SOURCE DATA:
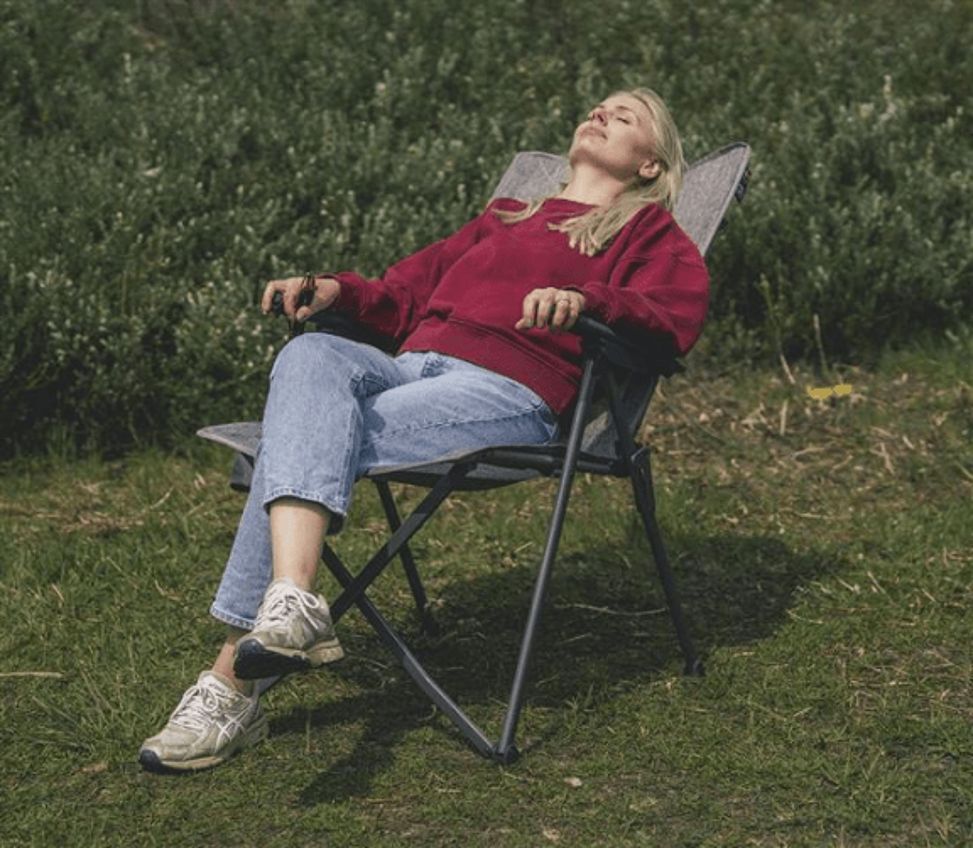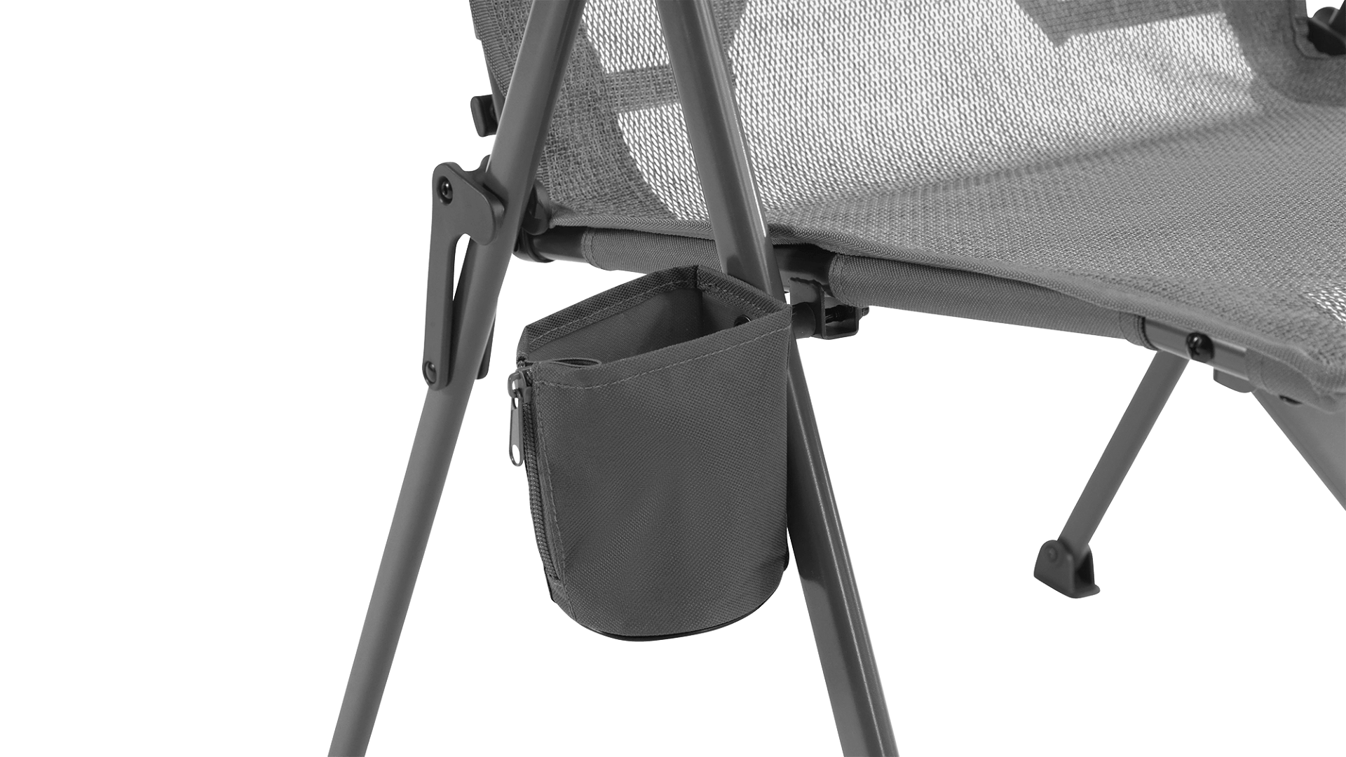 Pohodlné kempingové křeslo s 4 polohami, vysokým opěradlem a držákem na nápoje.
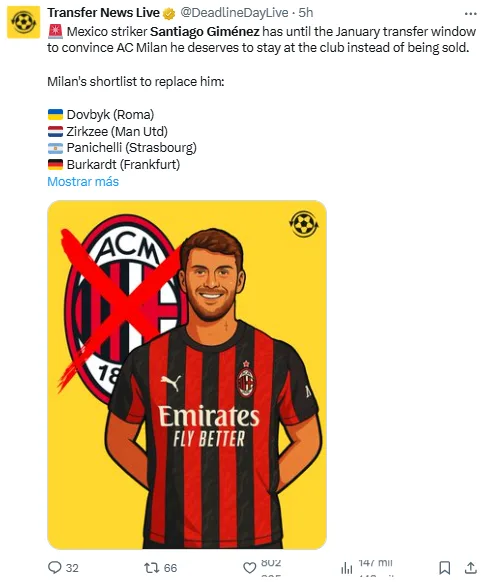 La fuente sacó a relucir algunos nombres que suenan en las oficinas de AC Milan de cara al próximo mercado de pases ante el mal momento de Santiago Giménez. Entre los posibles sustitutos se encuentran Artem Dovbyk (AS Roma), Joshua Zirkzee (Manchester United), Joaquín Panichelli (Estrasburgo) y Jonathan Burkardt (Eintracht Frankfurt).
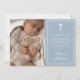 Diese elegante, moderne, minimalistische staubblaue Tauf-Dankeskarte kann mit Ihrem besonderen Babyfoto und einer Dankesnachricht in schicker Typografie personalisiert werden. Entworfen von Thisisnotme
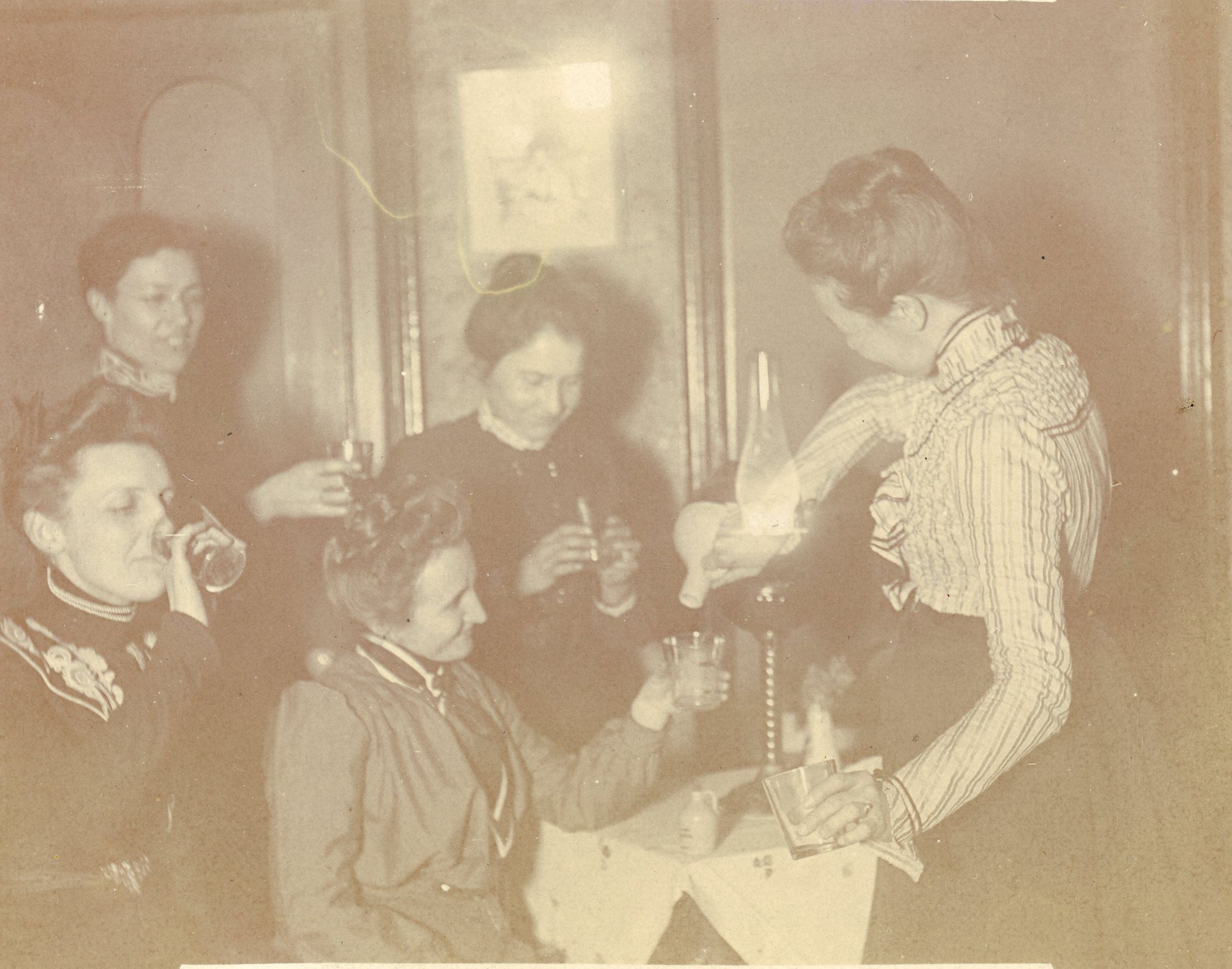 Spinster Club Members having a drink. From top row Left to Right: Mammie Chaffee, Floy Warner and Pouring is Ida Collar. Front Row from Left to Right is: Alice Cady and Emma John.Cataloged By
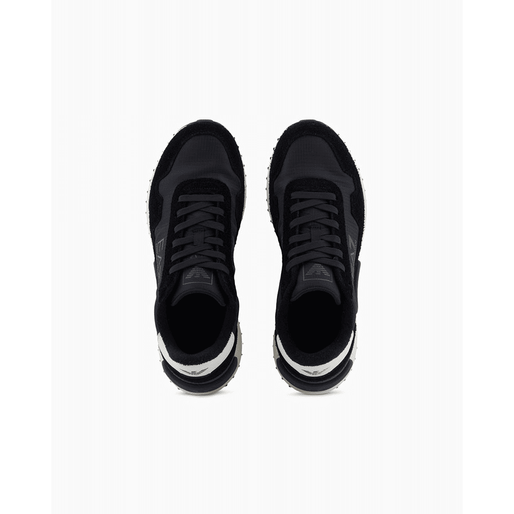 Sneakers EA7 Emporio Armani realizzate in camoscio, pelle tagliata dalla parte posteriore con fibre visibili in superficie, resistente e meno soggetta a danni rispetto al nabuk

TASK TO COMPLETE: Could the lines above be copied out exactly, with no image carried over?

WRITTEN RESPONSE:
 Pohodlné kempingové křeslo s 4 polohami, vysokým opěradlem a držákem na nápoje.
 La fuente sacó a relucir algunos nombres que suenan en las oficinas de AC Milan de cara al próximo mercado de pases ante el mal momento de Santiago Giménez. Entre los posibles sustitutos se encuentran Artem Dovbyk (AS Roma), Joshua Zirkzee (Manchester United), Joaquín Panichelli (Estrasburgo) y Jonathan Burkardt (Eintracht Frankfurt).
 Diese elegante, moderne, minimalistische staubblaue Tauf-Dankeskarte kann mit Ihrem besonderen Babyfoto und einer Dankesnachricht in schicker Typografie personalisiert werden. Entworfen von Thisisnotme
 Spinster Club Members having a drink. From top row Left to Right: Mammie Chaffee, Floy Warner and Pouring is Ida Collar. Front Row from Left to Right is: Alice Cady and Emma John.Cataloged By
 Sneakers EA7 Emporio Armani realizzate in camoscio, pelle tagliata dalla parte posteriore con fibre visibili in superficie, resistente e meno soggetta a danni rispetto al nabuk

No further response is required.